I was born into a musical family whose lives were profoundly affected by the right wing “red scare” in the late 1940s, 1950s, and early 1960s. My musicologist grandfather had his passport cancelled and had to retire from his job at the Pan American Union. My uncle Pete was investigated by HUAC and convicted of contempt of Congress (a feeling now shared by many). Several other members of my family were investigated as well and their lives changed. Singing with my parents since I could talk and playing the banjo at age 12, I was deeply aware that music had power to frighten authorities, and that being a musician could be dangerous.  It was also personally satisfying—in 8th grade I had a 4th-grade fan club whose members squealed when I performed at school assemblies. I suspect my musical abilities influenced the jobs I have been offered during my career. As an undergraduate at Harvard, I opted to study Social Relations to learn what it was about music that made it so powerful and so dangerous. I also studied folklore under Albert Lord. But for graduate school I thought the questions anthropologists asked were more interesting than those of folklorists. I received my PhD from the University of Chicago in 1974. My most popular book is Why Suyá Sing: A Musical Anthropology of an Amazonian People (Cambridge 1987 with audio cassette; U. Illinois Press 2024 revised and expanded, with CD, with translations into Chinese and Portuguese.

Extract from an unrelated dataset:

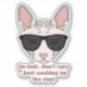 Perched confidently on the Sphynx cat's delicate, triangular face are a pair of stylish, dark sunglasses that add an air of mystery and allure. The lenses of the sunglasses reflect the world around it, giving the impression that this chic feline is always aware of its surroundings and ready to make its next move.

I taught at Pomona College (1974-5) and in the Graduate Program in Social Anthropology at the Museu Nacional in Rio de Janeiro (1975-82). In 1982 I accepted a position in the Anthropology Department Indiana University and was asked by the Dean of the Arts and Sciences to serve as Director of the Archives of Traditional Music. This began my career as an audiovisual archivist.  In 1988 I was invited to become the first curator and director of the Folkways Records Collection at what is now called the Smithsonian Institution Center for Folklife and Cultural Heritage. In 2000, thinking it was time for new leadership, I accepted a position as Professor of Ethnomusicology at UCLA. My plans for research at UCLA were sidelined by accepting the position of Secretary General of the International Council for Traditional Music, an NGO affiliated with UNESCO, during the development of a new “instrument” for Intangible Cultural Heritage. I made many more trips to Paris than to the field in Brazil.

As I approach 80, I find I have written three books on the Suyá, now calling themselves Kĩsêdjê, an Indigenous people living in Mato Grosso, Brazil, co-edited three others on audiovisual issues, and published over 140 articles and book chapters on anthropological, ethnomusicological, archival, intellectual property, and Indigenous rights issues. (List of publications: https://www.academia.edu/72475584/List_of_Publications_by_Anthony_Seeger)            I am the executive producer of over 250 CDs and  producer of radio shows, a 30-video cassette set, and an instructional DVD. My voice and banjo skills are fading, but I continue to perform with my wife, Judy.